Ukrainian presidential adviser Mykhailo Podolyak called the Kremlin’s announcement declaring a ceasefire “hypocrisy,” adding that Russia “must leave the occupied territories – only then will it have a ‘temporary truce’.”

“Keep hypocrisy to yourself,” he wrote on Twitter.

Kirill suggested a truce from noon Friday through midnight Saturday, local time. The Russian Orthodox Church, which uses the ancient Julian calendar, celebrates Christmas on Jan. 7 — later than the Gregorian calendar — although some Christians in Ukraine also mark the holiday on that date.

 “Based on the fact that a large number of citizens professing Orthodoxy live in the combat areas, we call on the Ukrainian side to declare a cease-fire and give them the opportunity to attend services on Christmas Eve, as well as on the Day of the Nativity of Christ,” according to Putin’s order, addressed to Defense Minister Sergei Shoigu and published on the Kremlin’s website.

Ukrainian presidential adviser Mykhailo Podolyak dismissed Kirill’s call as “a cynical trap and an element of propaganda.” President Volodymyr Zelenskyy had proposed a Russian troop withdrawal earlier, before Dec. 25, but Russia rejected it.
 
Kirill has previously justified the war as part of Russia’s “metaphysical struggle” to prevent a liberal ideological encroachment from the West.
 
Putin spoke by phone with Turkey’s president Thursday and the Kremlin said Putin “reaffirmed Russia’s openness to a serious dialogue” with Ukrainian authorities.
 
Turkish President Recep Tayyip Erdogan urged Putin to implement a “unilateral cease-fire,” according to a statement from the Turkish president’s office.
 
Erdogan also told Zelenskyy later by telephone that Turkey was ready to mediate a “lasting peace.” Erdogan has made such an offer frequently.
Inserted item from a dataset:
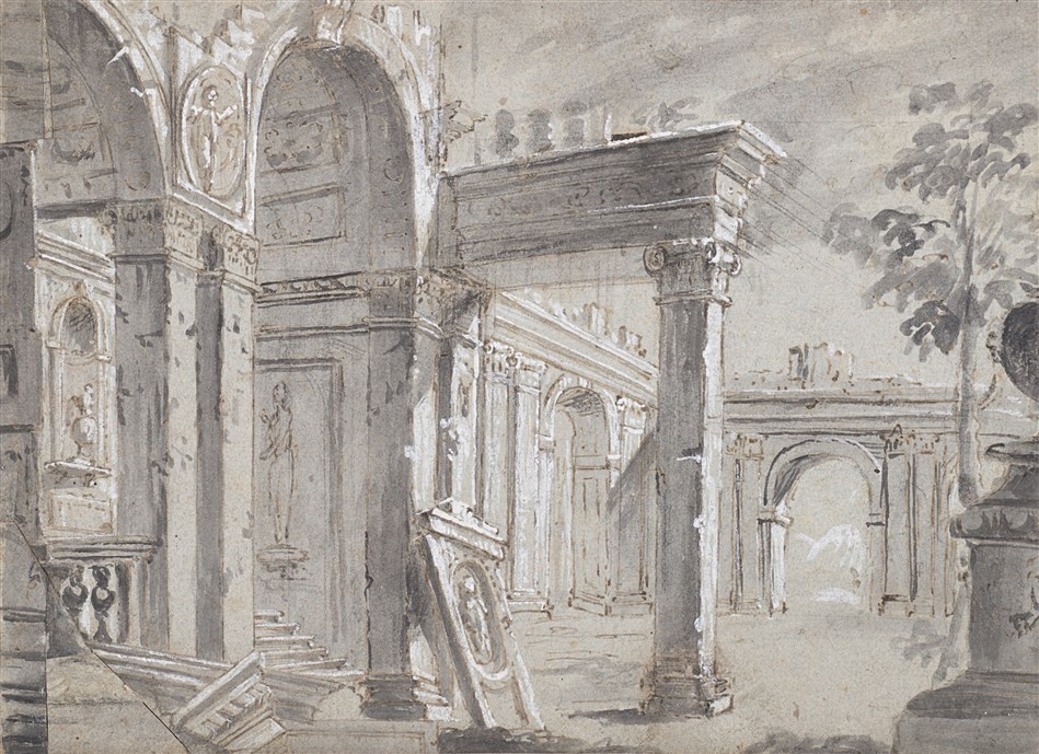Anonymous set designer, late 18th century "Classic Ruins" pen, grey ink washed grey and black, heightened with white over traces in black chalk. On light blue prepared paper (mm 195x265) framed

It has already helped broker a deal allowing Ukraine to export millions of tons of grain, and it has facilitated a prisoner swap.
 
Russia’s professed readiness came with the usual preconditions: that “Kyiv authorities fulfill the well-known and repeatedly stated demands and recognize new territorial realities,” the Kremlin said, referring to Moscow’s insistence that Ukraine recognize Crimea as part of Russia and acknowledge other illegal territorial gains.
 
Previous attempts at peace talks have fallen at that hurdle, as Ukraine demands that Russia withdraws from occupied areas at the very least.